Start of RECORDS TO USE

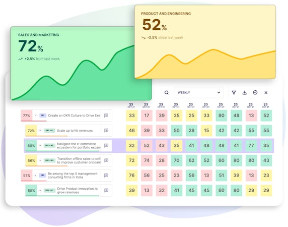 Fitbots OKRs helps you roll out OKRs with ease. You can organize your Individual, team level & org level OKRs. Visualize alignment & drive CFRs ( Conversations, Feedback & Recognitions) all in a single window.
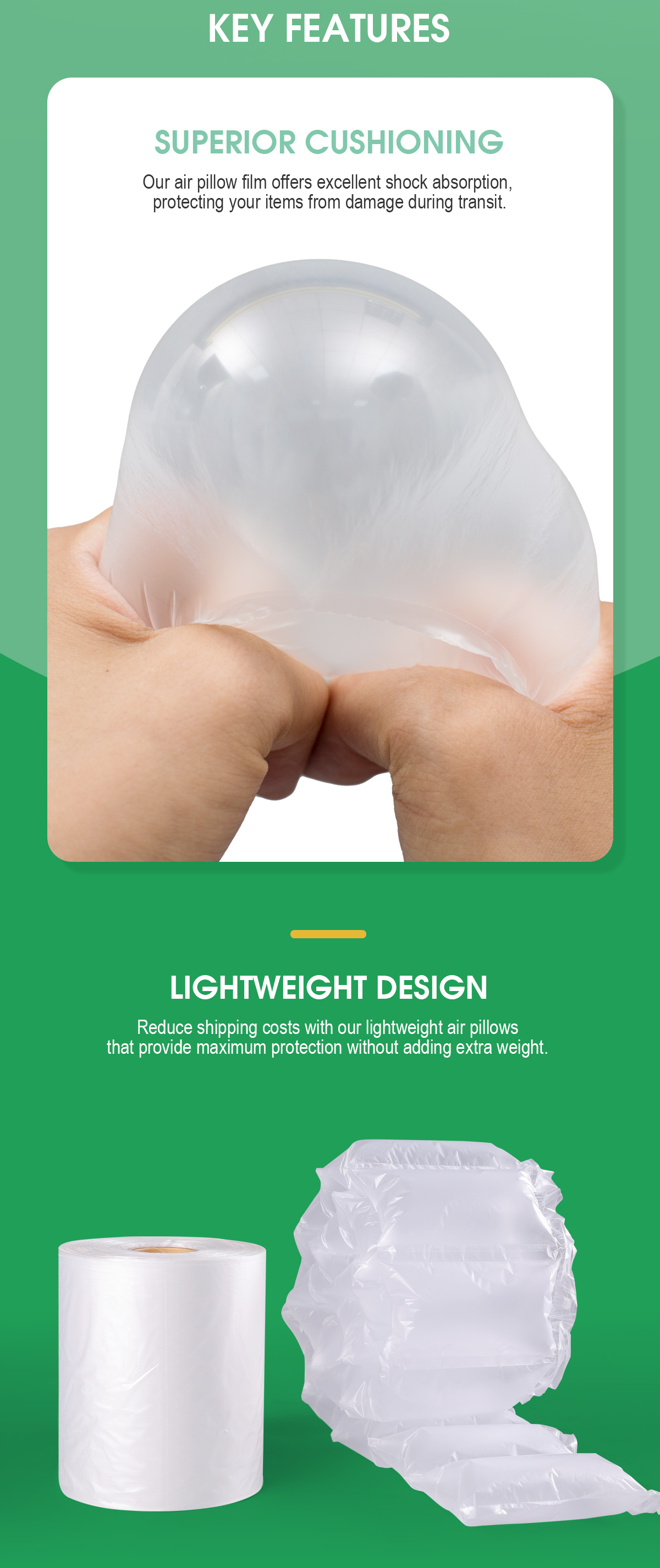 Cost-effective: Compared to traditional packaging materials like foam or bubble wrap, air pillow packaging film can be a cost-effective solution for businesses, reducing material costs and labor associated with packaging.
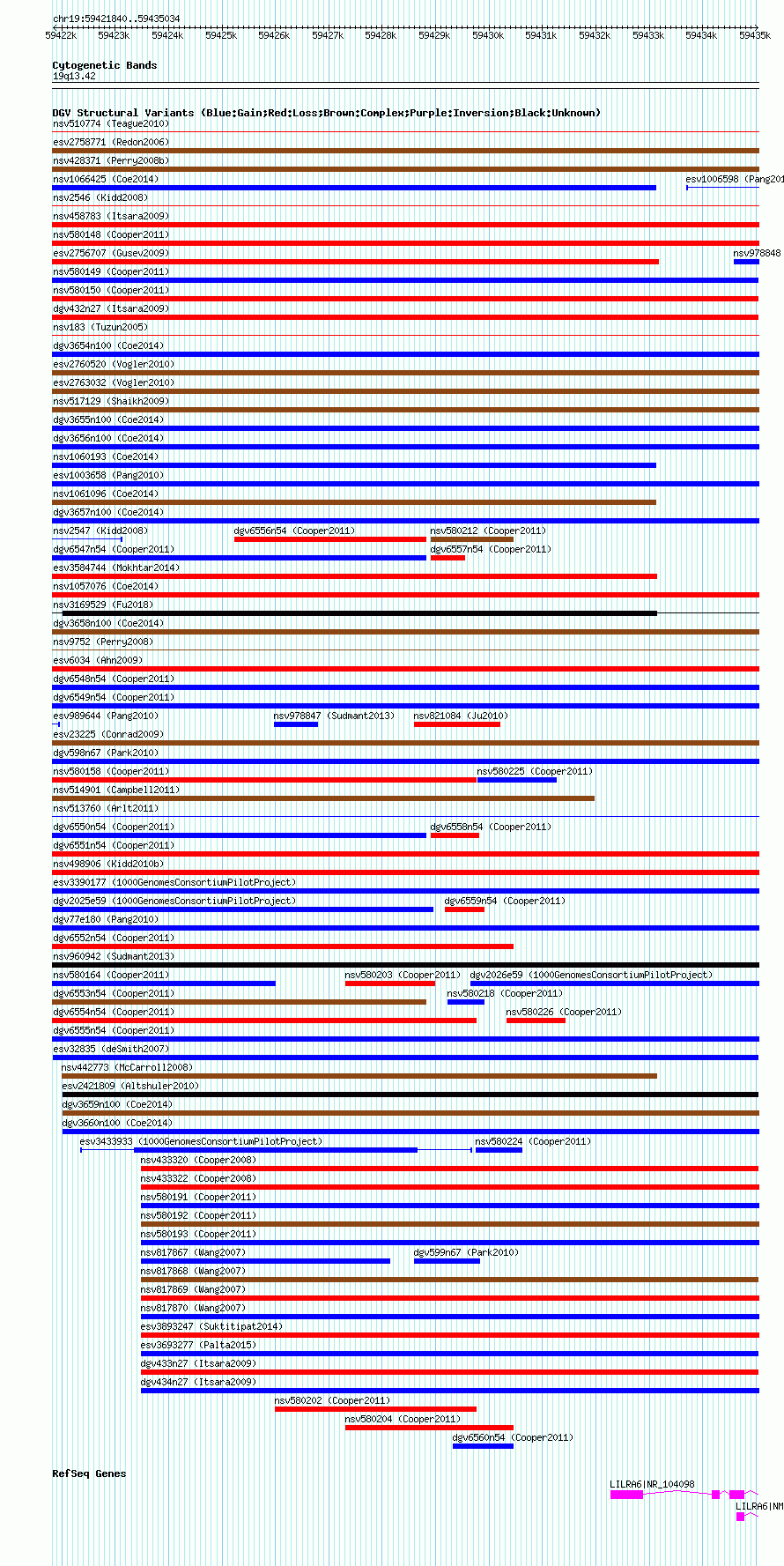 Variant DetailsVariant: esv32835 | Internal ID | 12964779 | | Landmark | | | Location Information | | | Cytoband | 19q13.42 | | Allele length | | Assembly | Allele length | | hg38 | 13192 | | hg19 | 13195 | | hg18 | 13195 | | hg17 | 13195 |
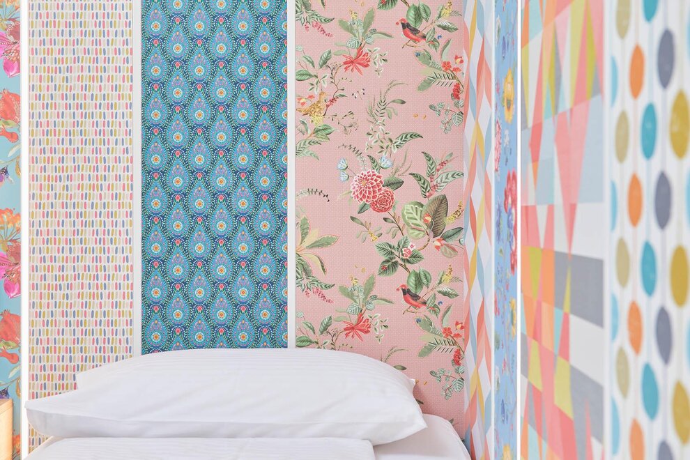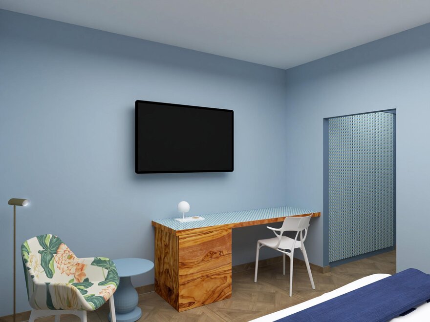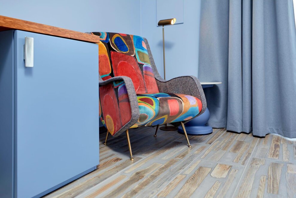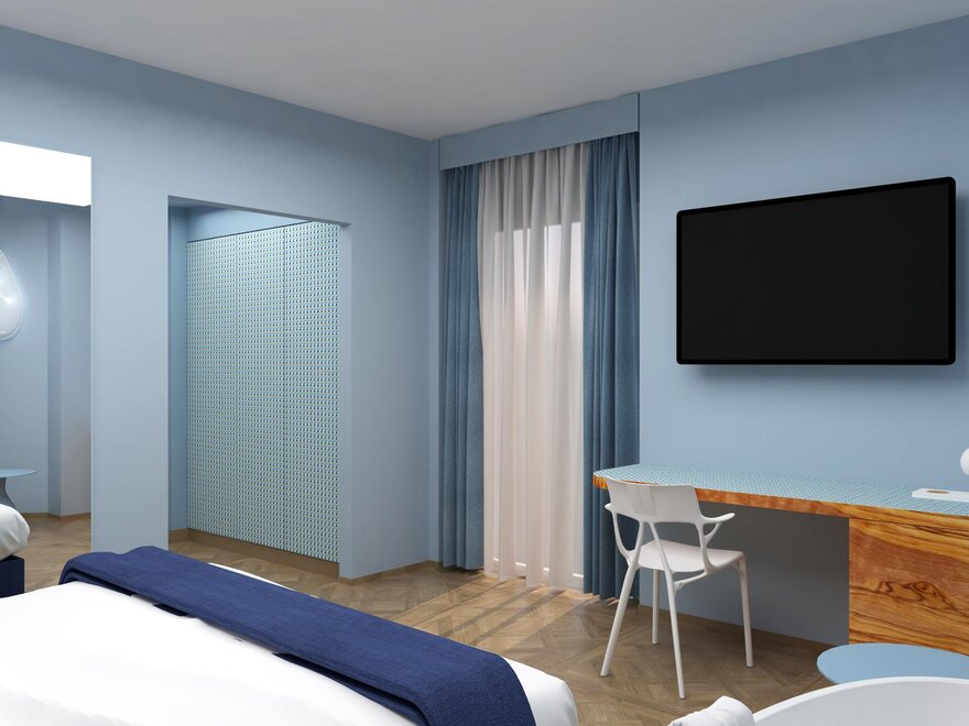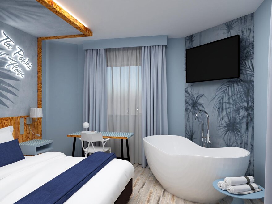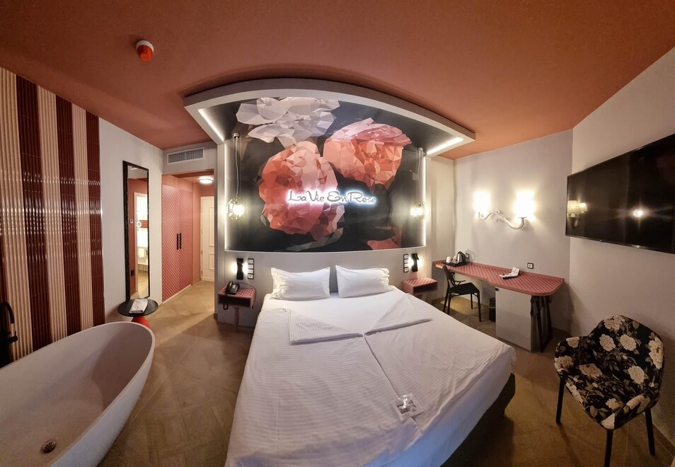 новая комната с инновационным дизайном в оттенках голубого и розового, с высококачественными материалами, такими как оливковое дерево, сочетающаяся с новым ретро стилем, привлекательное освещение, большой телевизор LG, балкон и душ, 18/20 квадратных метров, вид на парковку и улицу
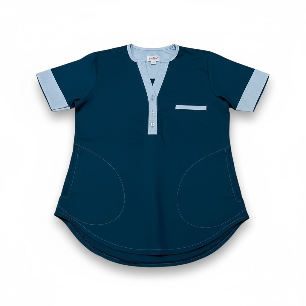 Tela Spandex ( 97% Algodón, 3% elastano). Chaqueta de Spandex, cuello redondo con tres/cuatro botones, con dos bolsillos laterales y uno superior delantero. Espalda con tiras ajustables.
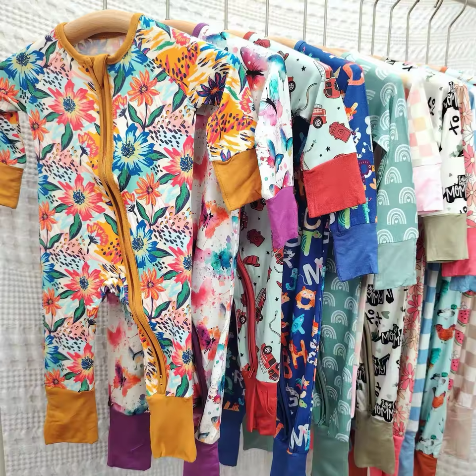 Stampa personalizzata in fibra di bambù pagliaccetto con cerniera per bambini vestiti pigiama per bambini pigiama pigiama da bambina 12-18 mesi
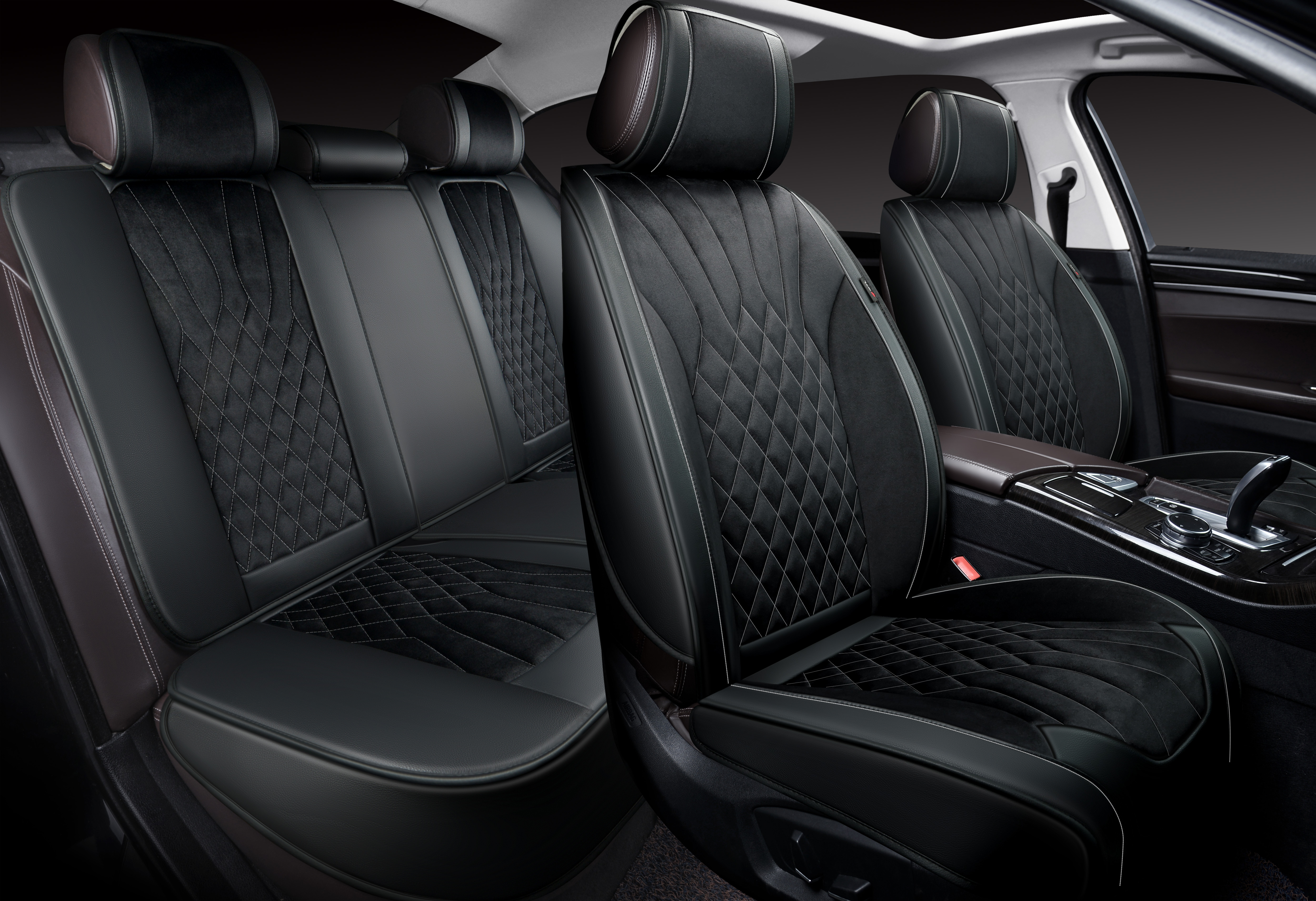 Накидки 3D PSV Galaxy (Черный/Отстрочка белая), комплект на весь салон, экокожа + велюр
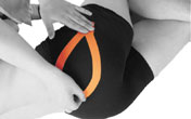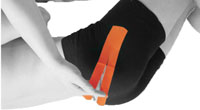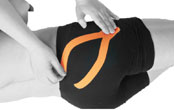 Przyklej bazę taśmy Y poniżej krętarza większego kości udowej.
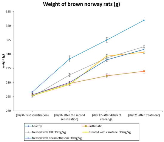 In the present study incorporating an animal model of asthma, female Brown Norway rats were injected with OVA from chicken egg to stimulate an immunological hypersensitivity effect of collagen, leading to the development of upper respiratory tract inflammation in the rats to induce a strong pulmonary infection. OVA-challenged rats showed markedly higher breathing rate, along with sneezing, irritability, and lethargy. Treatment with palm oil TRF and carotenes protected against asthma by increasing the airway hypo-responsiveness and breathing rate, along with lowering tidal volume. These results indicated the good ability of antioxidants from palm oil TRF and carotenes to stimulate a bronchodilator effect, which constitutes the main objective in the therapy for asthma. Moreover, these results were almost comparable with those of the commercial drug, dexamethasone. In addition, the body weight of animals treated with TRF, carotene, and dexamethasone increased significantly, indicating the improvement of asthmatic symptoms compared to those of the induced asthmatic animals. These findings are consistent with prior report that dexamethasone consumed as medication for autoimmune diseases and as an anti-inflammatory drug might increase weight gain [].
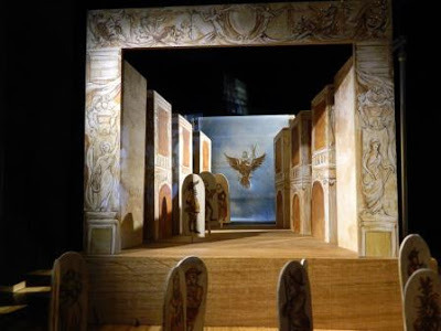 The screen before which the actors performInigo Jones used tricks of perspective, (a recent ‘invention’), as well as layering, lighting and masking to transform a 2-D stage into a 3-D drama. The clever people at the Banqueting House give the visitor a feel for these effects with Monty Pythonesque slides of scenery projected on the stage backdrop as the performance takes place.
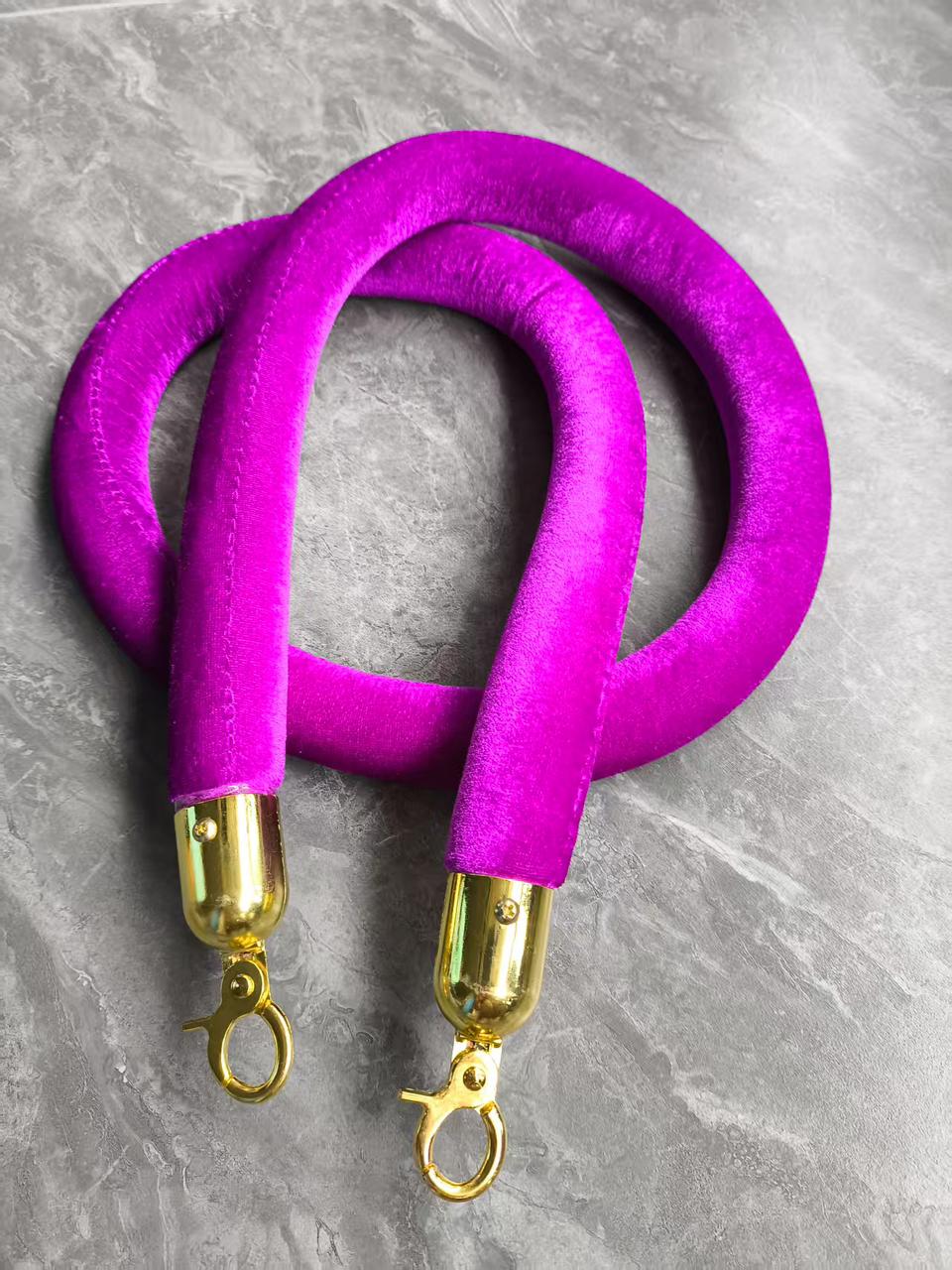 Предлагаем к продаже декоративный бархатный канат фиолетового цвета длиной 1,5 метра для столбиков и стоек ограждения ваших мероприятий.

End of RECORDS TO USE

## PROBLEM
Copy all of the data word for word, and keep the pictures out of it.

## WRITTEN RESPONSE
 Fitbots OKRs helps you roll out OKRs with ease. You can organize your Individual, team level & org level OKRs. Visualize alignment & drive CFRs ( Conversations, Feedback & Recognitions) all in a single window.
 Cost-effective: Compared to traditional packaging materials like foam or bubble wrap, air pillow packaging film can be a cost-effective solution for businesses, reducing material costs and labor associated with packaging.
 Variant DetailsVariant: esv32835 | Internal ID | 12964779 | | Landmark | | | Location Information | | | Cytoband | 19q13.42 | | Allele length | | Assembly | Allele length | | hg38 | 13192 | | hg19 | 13195 | | hg18 | 13195 | | hg17 | 13195 |
 новая комната с инновационным дизайном в оттенках голубого и розового, с высококачественными материалами, такими как оливковое дерево, сочетающаяся с новым ретро стилем, привлекательное освещение, большой телевизор LG, балкон и душ, 18/20 квадратных метров, вид на парковку и улицу
 Tela Spandex ( 97% Algodón, 3% elastano). Chaqueta de Spandex, cuello redondo con tres/cuatro botones, con dos bolsillos laterales y uno superior delantero. Espalda con tiras ajustables.
 Stampa personalizzata in fibra di bambù pagliaccetto con cerniera per bambini vestiti pigiama per bambini pigiama pigiama da bambina 12-18 mesi
 Накидки 3D PSV Galaxy (Черный/Отстрочка белая), комплект на весь салон, экокожа + велюр
 Przyklej bazę taśmy Y poniżej krętarza większego kości udowej.
 In the present study incorporating an animal model of asthma, female Brown Norway rats were injected with OVA from chicken egg to stimulate an immunological hypersensitivity effect of collagen, leading to the development of upper respiratory tract inflammation in the rats to induce a strong pulmonary infection. OVA-challenged rats showed markedly higher breathing rate, along with sneezing, irritability, and lethargy. Treatment with palm oil TRF and carotenes protected against asthma by increasing the airway hypo-responsiveness and breathing rate, along with lowering tidal volume. These results indicated the good ability of antioxidants from palm oil TRF and carotenes to stimulate a bronchodilator effect, which constitutes the main objective in the therapy for asthma. Moreover, these results were almost comparable with those of the commercial drug, dexamethasone. In addition, the body weight of animals treated with TRF, carotene, and dexamethasone increased significantly, indicating the improvement of asthmatic symptoms compared to those of the induced asthmatic animals. These findings are consistent with prior report that dexamethasone consumed as medication for autoimmune diseases and as an anti-inflammatory drug might increase weight gain [].
 The screen before which the actors performInigo Jones used tricks of perspective, (a recent ‘invention’), as well as layering, lighting and masking to transform a 2-D stage into a 3-D drama. The clever people at the Banqueting House give the visitor a feel for these effects with Monty Pythonesque slides of scenery projected on the stage backdrop as the performance takes place.
 Предлагаем к продаже декоративный бархатный канат фиолетового цвета длиной 1,5 метра для столбиков и стоек ограждения ваших мероприятий.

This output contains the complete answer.